Rod, Clay, and an Inelastic Collision

[e(ho0n3]

Problem: A thin rod of mass M and length L rests on a frictionless table and is struck at a point L/4 from its center of mass by a clay ball of mass m moving at a speed v (the velocity vector is perpendicular to the rod). The ball sticks to the rod. Determine the translational and rotational motion of the rod after the collision.

I can use conservation of angular momentum to determine the rotational velocity of the rod and the clay about the center of mass of the rod. Then, I'd figure I could use this angular speed to find the velocity of the clay and then use conservation of linear momentum to find the velocity of the center of mass of the rod. According to my calculations, the center of mass of the rod is moving in the same direction of the velocity vector v. Does this make sense?

 

[Gza]

That seems like an awful lot of work to simply calculate the velocity of the center of mass after collision. Just use conservation of linear momentum throughout to calculate translational velocity. Use conservation of angular momentum to find the angular velocity about its new center of mass after collision.

 

[e(ho0n3]

That seems like an awful lot of work to simply calculate the velocity of the center of mass after collision. Just use conservation of linear momentum throughout to calculate translational velocity. Use conservation of angular momentum to find the angular velocity about its new center of mass after collision.

Hmm...I thought the rotation was about the center of mass of the rod not about the center of mass of the system after collision. How do you figure?

 

[Doc Al]

Hmm...I thought the rotation was about the center of mass of the rod not about the center of mass of the system after collision. How do you figure?

The motion of a rigid object (such as the composite object "rod + putty") can be described as a translational motion of its center of mass plus a rotation about its center of mass.

You know how to find the speed of the center of mass after the collision: linear momentum is conserved.

To find the rotational speed about the cm, do this. First find where the cm is just at the instant of collision. Then find the angular momentum about the cm prior to the collision. Since it's conserved, that's also the angular momentum about the cm after the collision. Find the rotational inertia of the "rod + putty" about the cm, then use it to find \omega.

 

[e(ho0n3]

The motion of a rigid object (such as the composite object "rod + putty") can be described as a translational motion of its center of mass plus a rotation about its center of mass.

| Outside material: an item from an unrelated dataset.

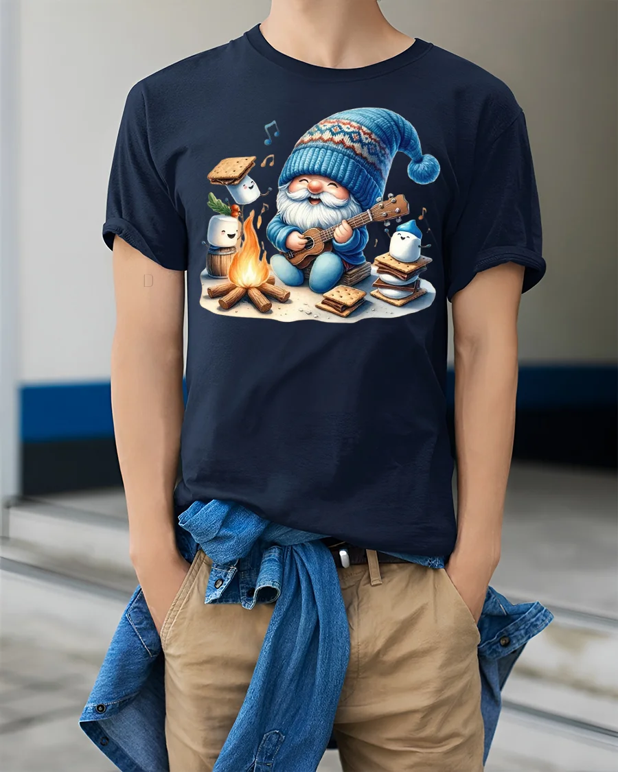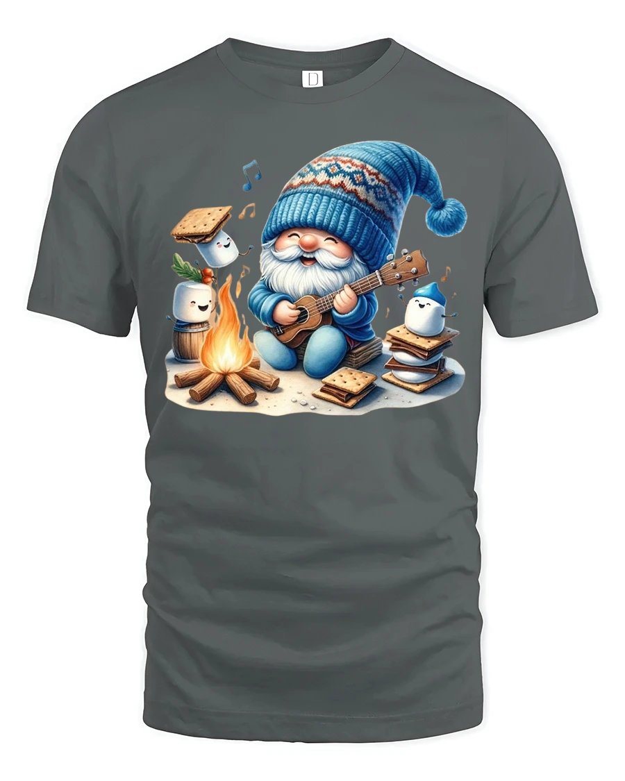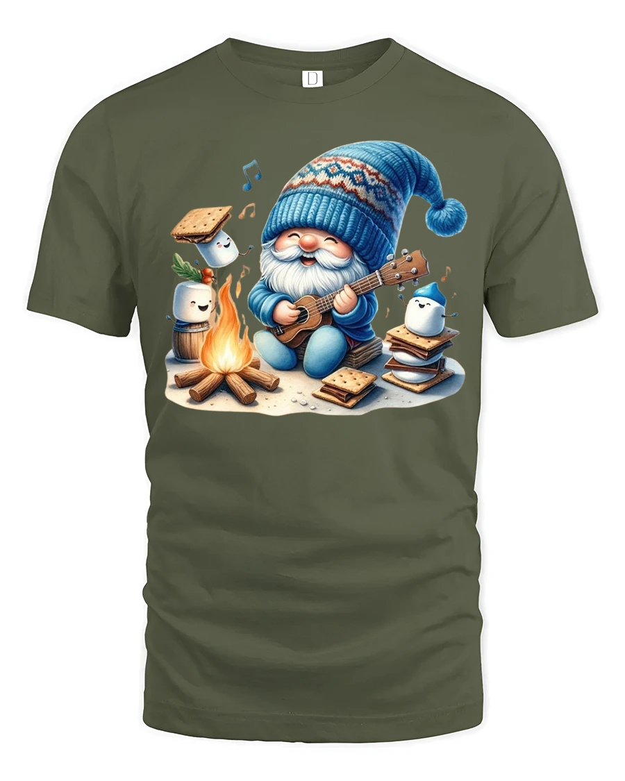 Cute Campfire Gnome Playing Ukulele Cozy Graphic Tee Tshirt brings warmth charm and peaceful joy into a heartwarming illustrated design.

I think you meant "can be BEST describe...", since motion is relative to a reference frame and the point in the frame I'm describing the motion from. When you use the phrase about its center of mass, I imagine the object is rotating about an axis going through the center of mass, but how do I know, in this problem for example, where the rotation axis is (I know it's not fixed in some location in space, but that is all I know).

To find the rotational speed about the cm, do this. First find where the cm is just at the instant of collision. Then find the angular momentum about the cm prior to the collision. Since it's conserved, that's also the angular momentum about the cm after the collision. Find the rotational inertia of the "rod + putty" about the cm, then use it to find \omega.

Let me get this clear: I should do all of my calculations (pre- and post-collion) taking the center of mass of the rod + putty as my reference point.

 

[Doc Al]

translation plus rotation

I think you meant "can be BEST describe...", since motion is relative to a reference frame and the point in the frame I'm describing the motion from.

As long as you realize that the motion of a rigid object is a combination of the motion of its cm plus its rotation about its cm.

When you use the phrase about its center of mass, I imagine the object is rotating about an axis going through the center of mass, but how do I know, in this problem for example, where the rotation axis is (I know it's not fixed in some location in space, but that is all I know).

I'm not saying that the object is in pure rotation about its center of mass. It's also translating.

Let me get this clear: I should do all of my calculations (pre- and post-collion) taking the center of mass of the rod + putty as my reference point.

I would, but I'm lazy. (All what caculations? It's just angular momentum.) As long as you realize that the total angular momentum of the object about any axis is the sum of its angular momentum about its center of mass plus the angular momentum of its mass (assumed concentrated at its center of mass), then you can use any axis. So, if you find the initial angular momentum about the cm, then that will equal the final angular momentum about the cm, which would equal I_{cm}\omega.